Sur place, j’évoque le nom de Ricardo. Des journalistes semblent intéressés. Pourtant, très poliment, l’un d’eux me montre le site Web du journal, ainsi qu’un coin où je dois cliquer pour envoyer mes documents, le soir, depuis chez moi.

J’attends deux jours avant de bien réfléchir à la formulation du texte que je joins, ainsi qu’aux pièces que j’envoie.

Je fais de même avec un journal satirique.

À nouveau, deux jours, ou trois passent, sans que je sois contacté, ne serait-ce que pour répondre à une question qu’un journaliste se pose ou fournir des informations complémentaires.

Je n’avais pas pensé à lier cette réaction aux tests. J’aurais alors constaté si des journalistes me recontactent ou non. Et d’une manière encore plus flagrante, d’analyser que lorsque j’étais dans leur bureau ils m’ont montré leur site Web au lieu de me questionner sur mes documents. C’est-à-dire qu’avant même d’avoir lu ce que j’allais leur faire parvenir deux jours plus tard il était déjà fortement probable que le sujet ne les intéressait pas.

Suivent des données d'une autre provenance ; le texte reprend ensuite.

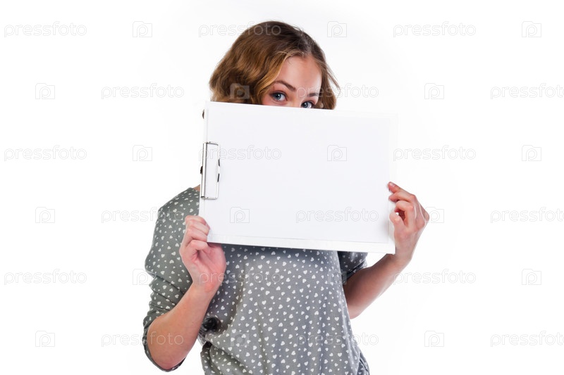 Красивая девочка с белой планшетной доской

J’en tire la réponse que je ne dois pas m’égarer ou perdre mon temps à essayer de rentrer en contact ni avec ces premiers journaux ni avec d’autres quotidiens ou hebdomadaires.

Quelles peuvent bien être les raisons de ce désintérêt ? Un maire qui utilise des méthodes fallacieuses, d’autant plus que Ricardo est connu, devrait susciter une certaine curiosité. Et ce n’est pas le cas. Peut-être que l’affaire de la pinède est au départ sans intérêt, mais maintenant, aller jusqu’à chercher à interner des gens doit être choquant !

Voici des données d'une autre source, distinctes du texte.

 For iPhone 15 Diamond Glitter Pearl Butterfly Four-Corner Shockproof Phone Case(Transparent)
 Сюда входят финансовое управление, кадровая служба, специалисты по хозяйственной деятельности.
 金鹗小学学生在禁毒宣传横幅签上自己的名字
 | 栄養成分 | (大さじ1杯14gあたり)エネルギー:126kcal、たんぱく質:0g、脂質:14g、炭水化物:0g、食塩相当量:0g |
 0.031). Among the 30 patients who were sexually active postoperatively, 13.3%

Et pourtant l’attitude que je perçois est celle d’une impasse. Je me souviens alors de deux journalistes qui, après l’assassinat de Yann Piat, avaient écrit un livre dans lequel Encornet et Trottinette représentaient deux personnages politiques de la région. Les auteurs avaient été condamnés à de forts dommages et intérêts au prétexte de la diffamation, parce qu’ils n’avaient pas su prouver leurs allégations. L’un des deux auteurs était également journaliste auprès de l’hebdomadaire satirique que je viens de contacter. L’éditeur avait retiré le livre de la vente et un an après ce journaliste a été licencié de l’hebdomadaire. Pourquoi un an après ?

Un doute me taraude : chaque semaine, en seconde page, le journal publie inlassablement, décennie après décennie, des bruits de couloir au sein du gouvernement, des indiscrétions de collaborateurs ministériels, des colères du Premier ministre, quel qu’il soit, qui va parfois jusqu’à faire fondre en larmes quelque sous-ministre.

Ce journal est le seul à obtenir autant de confidences. C’est un peu comme si celles-ci lui étaient volontairement accordées chaque semaine par le pouvoir exécutif. Cet hebdomadaire arbore une prétendue indépendance, mais est-ce véridique ou qu’un slogan trompeur ?

Le monde politique fait vivre le journal de toutes ces petites phrases et autres indiscrétions. Y aurait-il eu alors une emprise sur l’équipe de rédaction ? Quelques personnalités auraient-elles demandé une vengeance, en plus d’avoir gagné devant les tribunaux, et obtenu qu’un de ces collaborateurs du périodique soit licencié un an plus tard ? C’est une question pour laquelle je n’ai pas de réponse arrêtée. Puis un éclair me vient : le titre de l’hebdomadaire comprend le mot « enchaîné ». La publication affiche son absence de liberté. Car sa dénomination aurait bien pu afficher, à la place, « déchaîné ». Certes, ce ne sont que des mots, mais je reste méfiant quant à ce qu’on croit être la liberté de la presse : l’erreur provient de nous, lecteurs, qui nous imaginons ces médias indépendants, alors que le contenu même de leurs publications est délivré uniquement par le pouvoir politique.

Lorsque mon affaire n’intéresse pas les médias, je me donne d’autres explications : le monde de la presse a-t-il peut-être peur ? Mon affaire ne serait-elle pas suffisamment importante pour que des risques soient pris par des journalistes, somme toute, humains ?

Internet m’apparaît un peu plus fiable, mais n’est pas suffisant. Je dois à nouveau retourner chercher au fond de moi-même d’autres solutions.